Comments:
After graduating from Michigan in 1970, I moved to Richmond, VA, and taught math in high school for a year (hated it). Then I started work as a computer programmer, an occupation I enjoy to this day. After many years of contract work, mostly for large telecoms, I put my skills to use in the clinical trials field, programming statistical analyses of data collected during drug studies, first for a contract research organization (CRO) in Charlottesville, VA, and now for the global vaccine maker Sanofi Pasteur, in Swiftwater, PA. This is by far the most interesting work of my career.
While in Richmond, I married, divorced, married again, had my two children, and divorced their father in 1997. Then followed two very interesting years living in the Washington, DC, area on my own. I took up tower bell ringing at the National Cathedral, sang in a large chorus in McLean, volunteered as a facilitator for two organizations for people coping with divorce and separation, and met many interesting and accomplished people. In 1999, browsing the Yahoo Personals led to a meeting with Jim Swihart, with whom I have finally got this marriage thing right. Jim was finishing up a career in the foreign service with the US State Department when we met, and I moved with him to Colorado Springs when he took up his final post, as political advisor to the head of what was then the US Space Command. We loved living in Colorado, and would still be there if either of us could have found work there after Jim retired in 2002. Instead, we moved back to Virginia so that I could work (full-time for the first time in 20 years) for a CRO. This job was a good training ground for me, but 3.5 years was more than enough, and I took the better-paid and somewhat easier position I now have in NE PA, in 2006.

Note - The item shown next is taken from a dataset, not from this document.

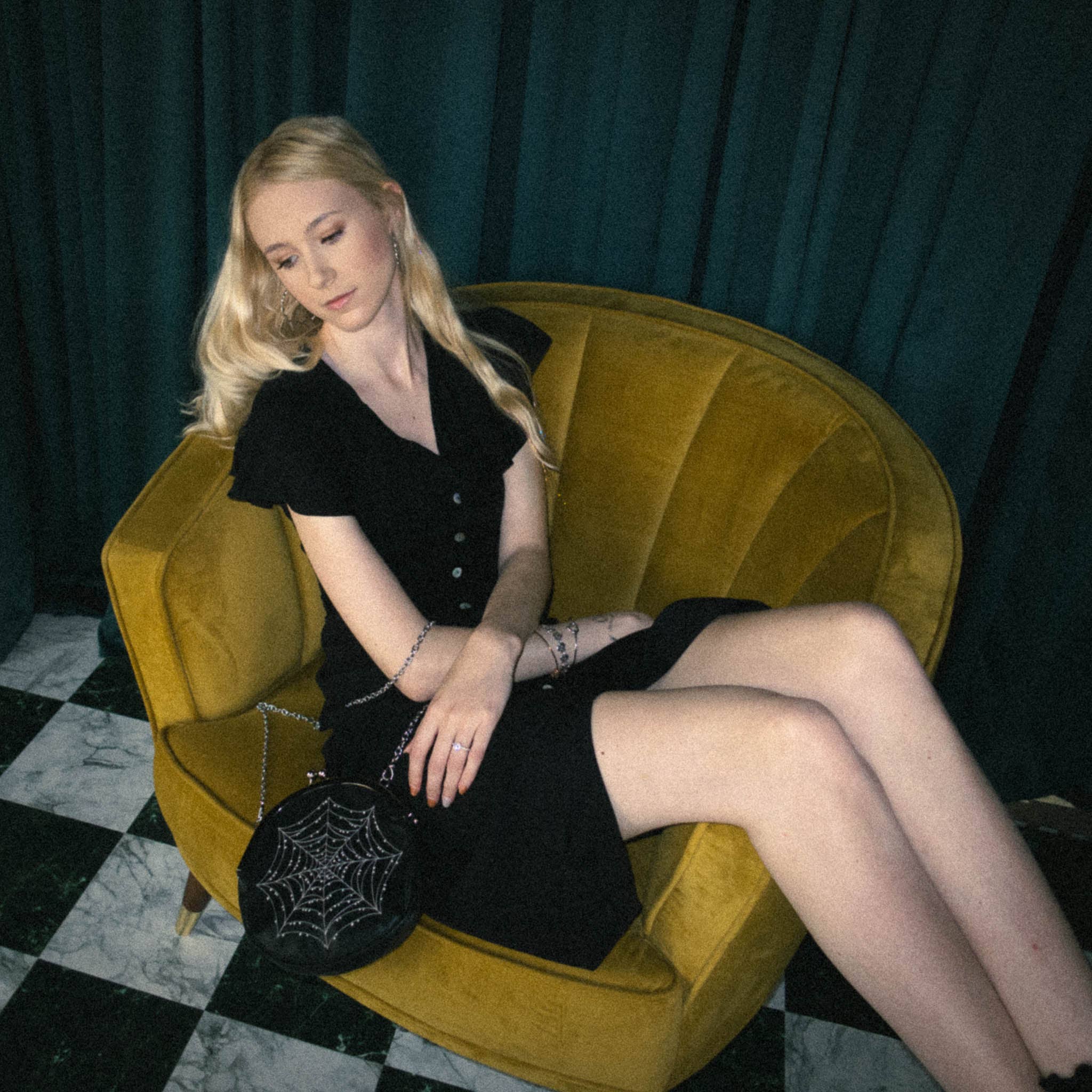 This elegant purse weaves vintage allure with gothic mystique. Crafted from black vegan leather, it provides the perfect canvas for intricate white spiderweb embroidery, adorned with dew drops. While it won't ensnare any insects, it's sure to capture you plenty of compliments! Also available in bone and cognac.

We have a lovely house with a fabulous view here (thanks to Jim, who does everything for me), and I do (mostly) like my job, but it is to travel that I most look forward. Having missed out on the foreign postings of Jim's career, I have been catching up ever since our honeymoon in 2001, which included my first trip to England. We have been back there several times since, usually travelling one way by ship, and have also had lovely trips to Austria, Copenhagen, and most recently to Berlin, a city where Jim worked for four years before the Wall fell. My current employer has also provided the opportunity for travel: I have gotten to go to our office in Lyon, France twice, for several days, and managed to spend a weekend in Paris with Jim on one of those trips. We have also recently opened an office in Beijing, and a trip there is still a possibility.

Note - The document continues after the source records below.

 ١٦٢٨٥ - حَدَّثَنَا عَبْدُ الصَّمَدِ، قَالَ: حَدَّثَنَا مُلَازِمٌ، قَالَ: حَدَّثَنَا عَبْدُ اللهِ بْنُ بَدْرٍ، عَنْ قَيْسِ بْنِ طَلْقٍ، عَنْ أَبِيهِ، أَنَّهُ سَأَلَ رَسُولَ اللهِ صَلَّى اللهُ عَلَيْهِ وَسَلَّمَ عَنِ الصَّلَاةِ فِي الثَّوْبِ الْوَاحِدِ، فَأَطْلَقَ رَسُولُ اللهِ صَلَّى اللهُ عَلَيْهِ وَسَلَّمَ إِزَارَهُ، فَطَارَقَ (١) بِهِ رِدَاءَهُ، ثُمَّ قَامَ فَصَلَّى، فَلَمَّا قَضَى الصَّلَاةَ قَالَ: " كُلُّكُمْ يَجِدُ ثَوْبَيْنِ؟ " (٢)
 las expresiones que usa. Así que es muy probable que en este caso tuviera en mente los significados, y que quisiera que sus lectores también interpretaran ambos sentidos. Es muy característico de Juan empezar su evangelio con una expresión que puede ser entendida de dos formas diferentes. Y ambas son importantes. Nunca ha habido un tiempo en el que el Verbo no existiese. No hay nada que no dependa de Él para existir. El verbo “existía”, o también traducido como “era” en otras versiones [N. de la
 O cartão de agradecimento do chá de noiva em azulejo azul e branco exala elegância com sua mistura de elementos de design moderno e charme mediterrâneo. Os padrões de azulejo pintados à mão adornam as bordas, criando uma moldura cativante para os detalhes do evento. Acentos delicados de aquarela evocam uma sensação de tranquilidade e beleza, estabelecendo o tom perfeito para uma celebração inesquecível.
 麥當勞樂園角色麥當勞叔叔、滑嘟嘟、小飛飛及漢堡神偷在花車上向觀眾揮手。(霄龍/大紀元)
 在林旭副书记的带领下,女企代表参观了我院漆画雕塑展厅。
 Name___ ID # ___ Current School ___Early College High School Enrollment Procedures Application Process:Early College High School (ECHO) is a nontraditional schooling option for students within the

My daughter Kristen lives and works in LA, and we see her usually twice a year. My son still lives in Virginia. Neither is married, and I do not have grandchildren of my own, although my youngest brother, a late bloomer, has provided me with two nieces who may as well be. My father died a few years ago, but Mom still lives in Lansing, where we visit her and two of my siblings who are still there. Jim's mother lives in Maine, and he also has two grown children, and several siblings spread across this country. So we do find ourselves on the road often, visiting family. In particular, we enjoy his three-going-on-four grandchildren.
When not travelling or working, we enjoy reading, taking long walks, biking, a little skiing, and I am still singing in a chorus. Jim is a self-described political junkie, but resists my attempt to push him into active participation; we do both vote, at least.